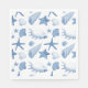 Esta servilleta de papel blanca se muestra con una linda impresión de conchas azules y blancas.
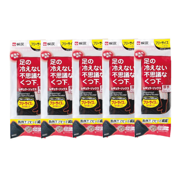 足の冷えない不思議なくつ下 レギュラーソックス厚手 ブラック フリー 1足 ×5【5個セット】送料無料 桐灰 冷え 靴下 あったか...
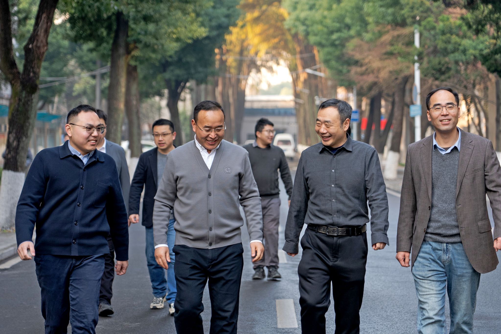 实验室学者们在校园中漫步 毕浩洋摄
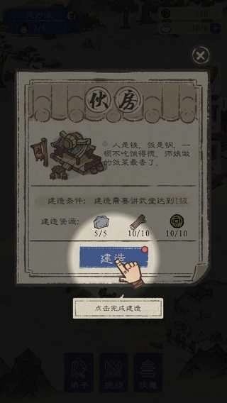 若想培养更多弟子,就得建一座伙房。伙房是用来制作食物的地方,升级伙房不仅能提升食物的存储上限,还能加快食物的恢复速度。
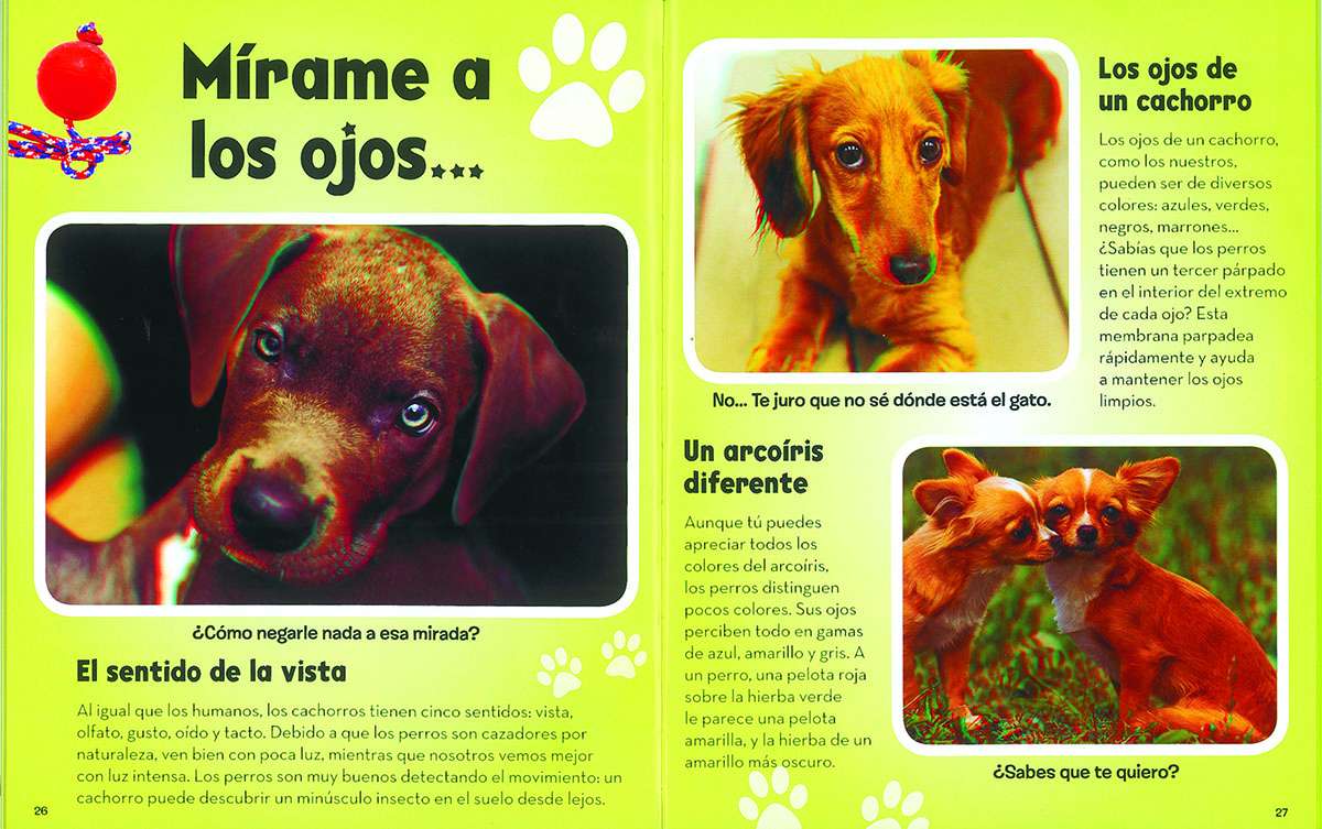 Ponte las gafas 3D y disfruta de las asombrosas imágenes que encontrarás en el interior de este libro repleto de simpáticos cachorros.
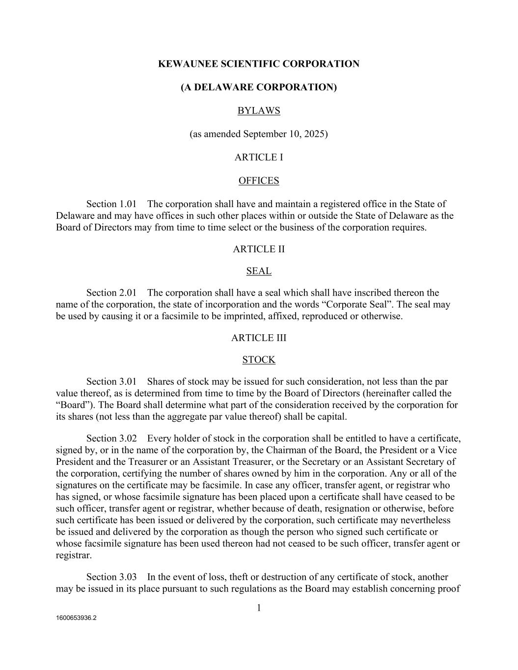 1600653936.2 1 KEWAUNEE SCIENTIFIC CORPORATION (A DELAWARE CORPORATION) BYLAWS (as amended September 10, 2025) ARTICLE I OFFICES Section 1.01 The corporation shall have and maintain a registered office in the State of Delaware and may have offices in such other places within or outside the State of Delaware as the Board of Directors may from time to time select or the business of the corporation requires. ARTICLE II SEAL Section 2.01 The corporation shall have a seal which shall have inscribed thereon the name of the corporation, the state of incorporation and the words “Corporate Seal”. The seal may be used by causing it or a facsimile to be imprinted, affixed, reproduced or otherwise. ARTICLE III STOCK Section 3.01 Shares of stock may be issued for such consideration, not less than the par value thereof, as is determined from time to time by the Board of Directors (hereinafter called the “Board”). The Board shall determine what part of the consideration received by the corporation for its shares (not less than the aggregate par value thereof) shall be capital. Section 3.02 Every holder of stock in the corporation shall be entitled to have a certificate, signed by, or in the name of the corporation by, the Chairman of the Board, the President or a Vice President and the Treasurer or an Assistant Treasurer, or the Secretary or an Assistant Secretary of the corporation, certifying the number of shares owned by him in the corporation. Any or all of the signatures on the certificate may be facsimile. In case any officer, transfer agent, or registrar who has signed, or whose facsimile signature has been placed upon a certificate shall have ceased to be such officer, transfer agent or registrar, whether because of death, resignation or otherwise, before such certificate has been issued or delivered by the corporation, such certificate may nevertheless be issued and delivered by the corporation as though the person who signed such certificate or whose facsimile signature has been used thereon had not ceased to be such officer, transfer agent or registrar. Section 3.03 In the event of loss, theft or destruction of any certificate of stock, another may be issued in its place pursuant to such regulations as the Board may establish concerning proof
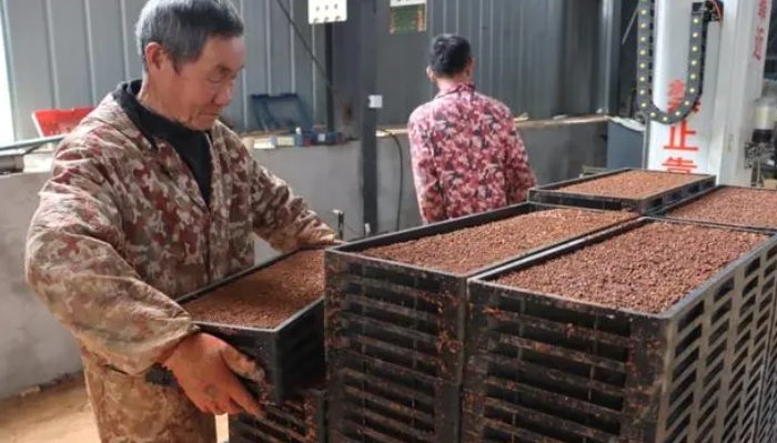 走进汨罗市科龙水稻种植专业合作社,两条育秧生产线正在全力开动,流水线将浸泡好的种子均匀撒播在秧盘上,并自动浇水,铺上一层营养土,工人们正忙着上盘、码垛,移入密室催芽。

**What you need to do**. Take the lines from the first line of the entries through the line with "Ponte las gafas", inclusive, and give them again exactly, minus any pictures.

**Answer section**.
 Esta servilleta de papel blanca se muestra con una linda impresión de conchas azules y blancas.
 足の冷えない不思議なくつ下 レギュラーソックス厚手 ブラック フリー 1足 ×5【5個セット】送料無料 桐灰 冷え 靴下 あったか...
 实验室学者们在校园中漫步 毕浩洋摄
 若想培养更多弟子,就得建一座伙房。伙房是用来制作食物的地方,升级伙房不仅能提升食物的存储上限,还能加快食物的恢复速度。
 Ponte las gafas 3D y disfruta de las asombrosas imágenes que encontrarás en el interior de este libro repleto de simpáticos cachorros.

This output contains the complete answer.